Its per-share loss was valued at 2.53 yuan, beating a forecast of 2.97 yuan in a Bloomberg survey of analysts. Revenue increased 117.8 per cent quarter on quarter and 46.7 per cent year on year to 19.1 billion yuan.

“Our focus remains on advancing core technologies, developing key products, and expanding sales and service capabilities,” William Li, co-founder and CEO of Nio, said in a statement after the earnings announcement. “We are confident in Nio’s long-term competitiveness in the smart electric vehicle market.”
People check out a Nio ET5 in a showroom in Berlin, Germany, on August 17, 2023. Photo: Reuters

The company, which has yet to report a profit since its establishment in 2014, delivered a record 55,432 vehicles in the third quarter, 38.4 per cent above its previous high-water mark of 40,032 units in the fourth quarter of 2022.

It predicted its total deliveries in the fourth quarter would decline between 11.6 and 15.2 per cent to between 47,000 and 49,000 units, compared with the three months ending September. Fourth-quarter revenue could reach 16.7 billion yuan, the company predicted, which would be a 12.6 decline compared with the third quarter.

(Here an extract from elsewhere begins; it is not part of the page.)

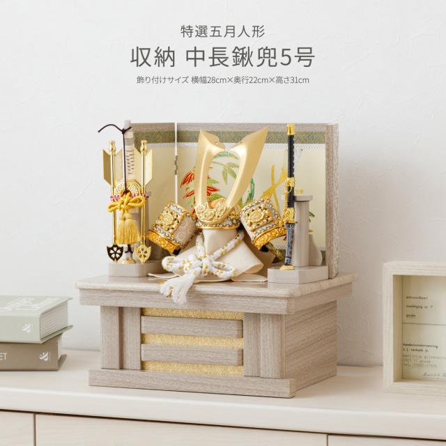 五月人形 コンパクト おしゃれ 兜飾り 収納飾り 5月人形 最新 今どき モダン インテリア 兜 収納 中鍬兜5号 初節句 お祝 端午の節句 こどもの日 子供の日 ギフト プレゼント かぶと 人気 本格派

Nio makes premium EVs that take on Tesla’s Model 3 and Model Y in China, the world’s largest EV market, where the presence of 200 competitors is raising concerns about severe overcapacity.
China’s top three indigenous premium EV makers, Nio, Xpeng and Li Auto, are facing new rivals such as smartphone vendor Xiaomi and search-engine giant Baidu, which are luring wealthy motorists away from the established players with new intelligent vehicles.

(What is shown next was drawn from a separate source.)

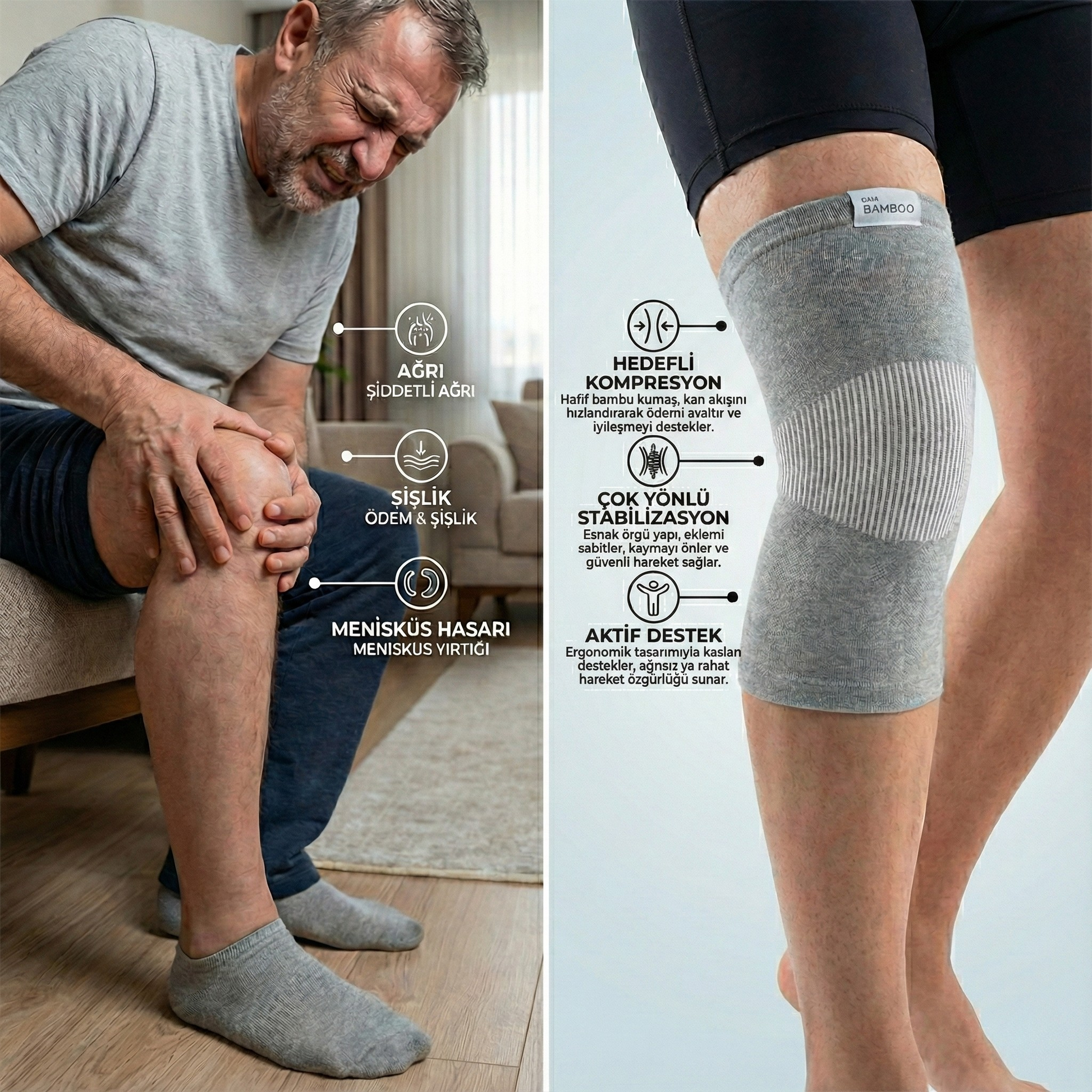 👉 Düzenli kullanımda, diz çevresindeki dolaşım desteklenir, ödem ve şişlik daha hızlı dağılır; uzun süre ayakta kalma, merdiven çıkma ve yürüyüşlerde konfor artar.

“Heightened competition in the Chinese electric-car market will prompt more key players to focus on cost reduction to survive potential price wars,” said Gao Shen, an independent analyst in Shanghai. “For premium EV makers, it will be advisable for them to launch more low-priced vehicles to shoot at a wider base of customers.”

Nio aims to reduce its workforce by a third by 2027 as it rapidly deploys robots, Ji Huaqiang, vice-president of manufacturing, logistics and operations, told reporters in a media briefing last month.

Chinese EV makers speed towards 2023 sales record

At present, Nio builds its vehicles at two plants in Hefei, capital of eastern China’s Anhui province, through partnership with state-owned carmaker Jianghuai Automobile Group (JAC).

On Tuesday, JAC said in a filing to the Shanghai Stock Exchange that it had sold assets worth 3.16 billion yuan at the two factories to Nio.

Ji said in November that JAC would remain an important partner with Nio in production even after its disposal of the assets.